A period of four ‘golden days’ of excellent meteorological conditions was chosen for data evaluation. Since I was dealing with very low concentrations of trace gases, data quality assessment and control was crucial and was applied using reliable state-of-the-art tools. Spectral analysis showed minimal flux losses at high frequency. However, cut-off frequencies for NO (1.11 Hz), and NO2 (1.17 Hz), were higher than for O3 (0.79 Hz) and the nonreactive trace gases – an indication of high frequency damping due to the long tubes from the tower to the NO/NO2 analyser on the ground. Flux losses for the period 1100-1330 CET were acceptably low (NO: 2.1 %, NO2:7.5 %, O3: 1.8%). This result was a good indication of the good response and high quality of the measurement sensors.
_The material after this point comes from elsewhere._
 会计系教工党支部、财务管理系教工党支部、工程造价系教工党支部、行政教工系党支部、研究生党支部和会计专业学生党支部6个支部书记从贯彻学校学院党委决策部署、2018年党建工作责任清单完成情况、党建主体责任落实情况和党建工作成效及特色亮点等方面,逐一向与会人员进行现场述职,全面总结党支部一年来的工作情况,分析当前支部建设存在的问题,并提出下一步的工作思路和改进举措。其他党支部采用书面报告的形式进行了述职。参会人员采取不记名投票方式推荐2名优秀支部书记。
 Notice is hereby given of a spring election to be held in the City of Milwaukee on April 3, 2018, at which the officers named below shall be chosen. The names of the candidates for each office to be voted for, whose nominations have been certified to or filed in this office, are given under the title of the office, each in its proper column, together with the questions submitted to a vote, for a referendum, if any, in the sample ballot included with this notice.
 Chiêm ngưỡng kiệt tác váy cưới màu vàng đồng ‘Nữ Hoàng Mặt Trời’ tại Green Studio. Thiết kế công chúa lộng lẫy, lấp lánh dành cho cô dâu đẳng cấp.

The losses were corrected for during data post-processing.
During the golden days, fluxes of reactive and nonreactive trace gases showed distinct diurnal patterns. Between 0600 and 1200 CET, there was a distinct rise in the concentration and fluxes of all trace gases. This was attributed to external sources of the trace gases being advected to the site from the surrounding country roads. The NO flux was unexpectedly directed downwards throughout the day, ranging from -1.75 to 0.00 nmol m-2 s-1. NO2 flux was positive throughout, ranging from 0.0 to a maximum of 1.5 nmol m-2 s-1 at 1400 CET. The O3 flux was directed into the canopy throughout the day, ranging from a minimum of 0 to a maximum of 20 nmol m-2 s-1 around 1100 CET. The strong peak of NO during the early to mid-morning period and the persistence of the NO2 flux throughout the day was a strong indicator of the existence of an external source of NOx being advected towards the canopy from a nearby country road.
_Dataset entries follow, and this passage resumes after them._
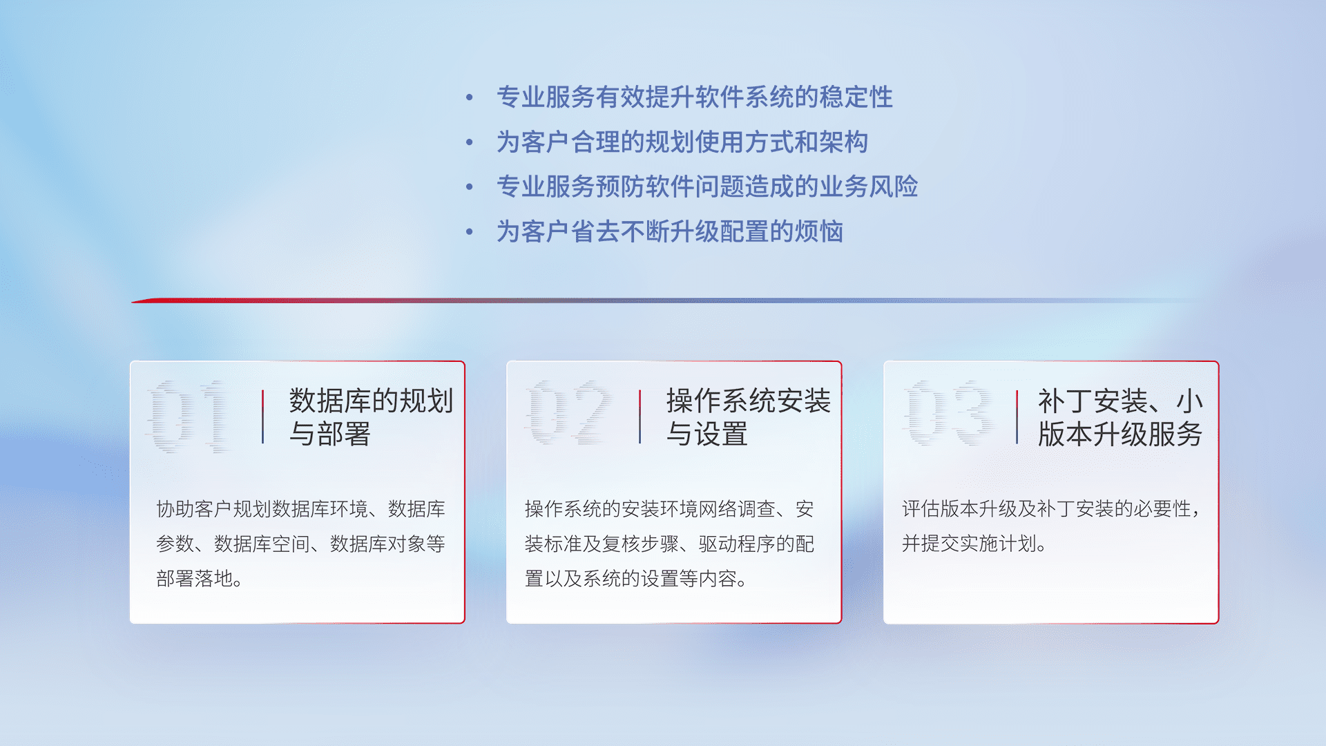 为客户提供软件规模升级、、、快速部署、、、按需配置的专业服务,,,,从数据库的规划与部署到操作系统的安装与设置,,,,再到补丁安装和小版本升级提供支持。。。。
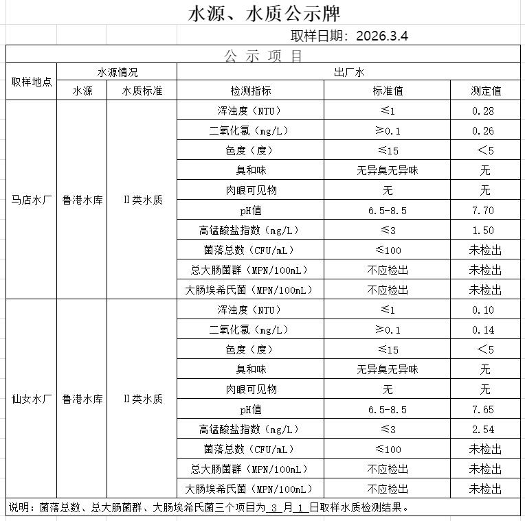 2026年3月1日水质公告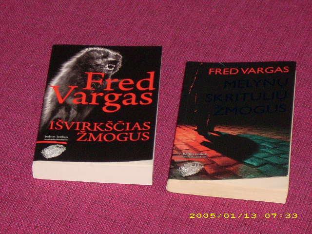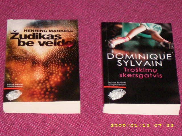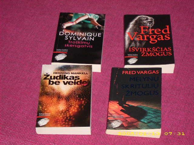 Fred Vargas "Išvirkščias žmogus" ir "Mėlynų skritulių žmogus", Henning Mankell "Žudikas be veido", Dominique Sylvain "Troškimų skerstgatvis".

The relation between turbulent and chemical time scales (Damköhler numbers) and segregation intensities (indicators of the extent of mixing between chemical species by turbulence) suggest that there was a minimal influence of chemistry on above canopy fluxes of the NO-O3-NO2 triad during the day. Although minimal, the chemistry might have been enough to create the NO sink evident in the above canopy fluxes. There is evidence of night-time conversion of soil biogenic NO to NO2 as well as the possible formation of nitrous acid (HONO) and nitric acid (HNO3) below the canopy through heterogeneous processes in the presence of dew and fog. Vertical gradients and estimated fluxes below the forest canopy showed that the O3 sink is so strong that none of the NO from the soil manages to reach the top of the canopy. The entire NO observed above the canopy is most likely due to horizontal advection and photochemical production.
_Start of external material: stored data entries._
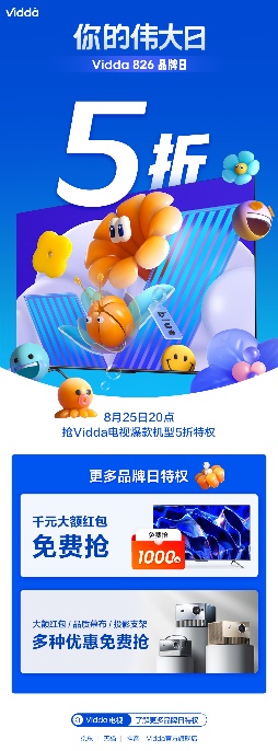 同时,除了线上发布会直播,Vidda电商渠道也为消费者准备了丰厚福利!8月25日-8月31日,Vidda品牌将在京东、淘宝、抖音官方旗舰店开展丰富多样的福利活动。25日20点起,指定产品5折特权、千元大额红包免费抢、整点抽大额限量代金券、送百元京东E卡、送投影支架、送视频月卡……将陆续上线,花式活动迎接“伟大日”,详情可关注Vidda天猫、京东、抖音旗舰店等渠道,随时获取最新活动信息。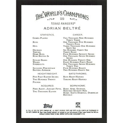 This is a 2025 Topps Allen & Ginter Adrian Beltre short print baseball card. The card is #323 and pictures show condition.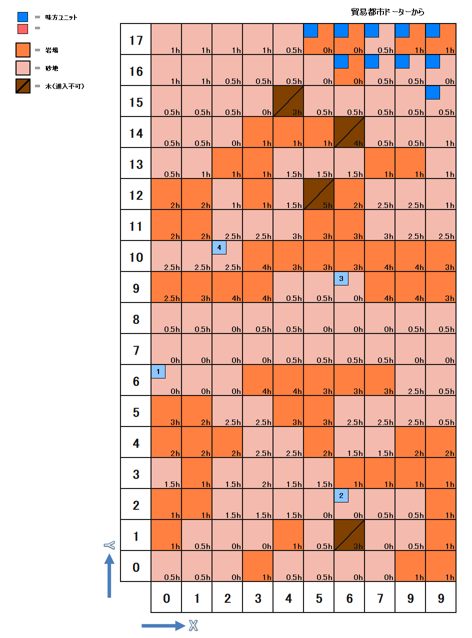 HOME > ファイナルファンタジータクティクス攻略TOP > ランダムバトルマップ ゼクラス砂漠(アイテムと敵の配置)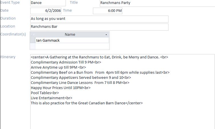 Complimentary Admission Till 9 PM Arrive Anytime up till 9PM Complimentary Beef on a Bun from From 4pm till 6pm while supplies last Complimentary Appetizers Served between 9 and 10 Complimentary Line Dance Lessons From 7 till 8 PM Happy Hour Prices Until 10PM Pool Tables Live Entertainment This is also practice for the Great Canadian Barn Dance A great party. Thanks to all who came out to have some fun. We had to share the place with an internet dating group. I think we managed to get along. Some of us showed up early and had the beef on a bun. Some of us came later and had a line dance lesson and some of us just showed up to socialize |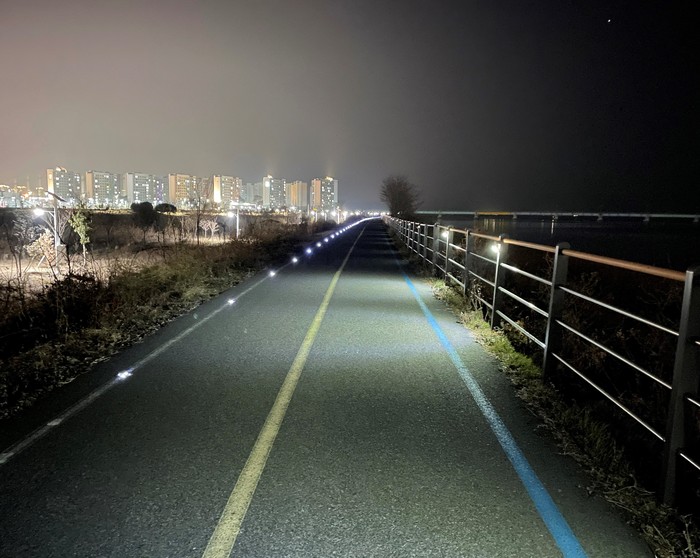 이에 따라 무안군은 지난해 1차 남악수변공원 야간경관 개선사업으로 영산강 제방에서 남창천 자전거길 1.7km 구간에 ▲LED센서벽등 192개 ▲태양광표지병 404개 ▲볼라드등 61개를 설치해 군민들이 야간에도 안전하게 산책할 수 있는 보행 환경을 마련했다.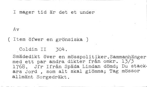 I mager tid är det et under //// Av //// ( Item öfwer en grönsiska ) //// Coldin II 304. //// Smädedikt över en mösspolitiker.Sammanhänger med ett par andra dikter från omkr. 13/3 1768. Jfr Ifrån Späda Lindan dömd; Du stack. ars Jord , som alt skal giömma; Tag mössor allmänt Sorgedräkt.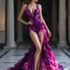 Be the first to review “Magenta Ombre Ruffled Couture Gown – Deep Plunge Evening Dress with High Slit, Luxury Gradient Pink Purple Formal Dress”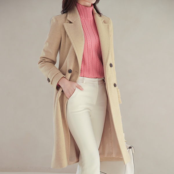 ワイドカラー びじょう ダブル スリムフィット ウールのコート Ⅱ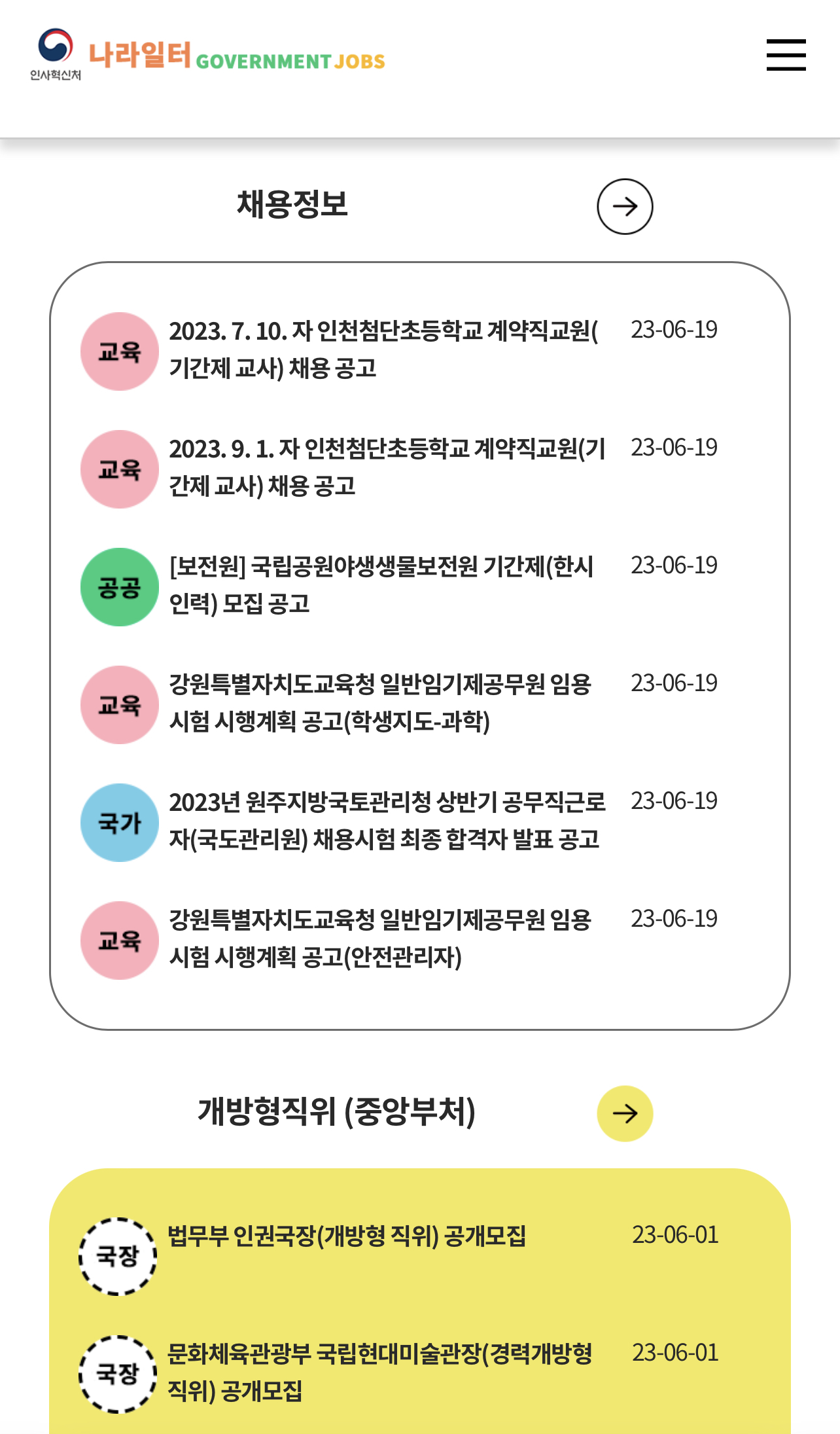 또한 2015년부터 7급 특채도 민경채로 통합되었으며 하지만 6급 특채는 '나라일터'를 통해 계속 선발하며 민경채 제도에 포함시키지 않는다고 합니다.

This dissertation has proven that reliable, fast turbulent measurements of NO and NO2 can be simultaneously made above a forest canopy. It has also demonstrated the importance of quality control and precision on reactive trace gas flux measurements. For central European forests with low soil NO emissions under moderate pollution, the forest canopy acts as a net source of NO2 and a net sink of NO and O3. Issues such as advection make the evolution of the NO-O3-NO2 triad in the trunk space a complicated issue to fully understand without additional, rigorous on-site measurements and analysis. Additional work should look at the possibility of partitioning the in-canopy and above canopy flux of the triad as well as reformulating the Damköhler number to include an advection term.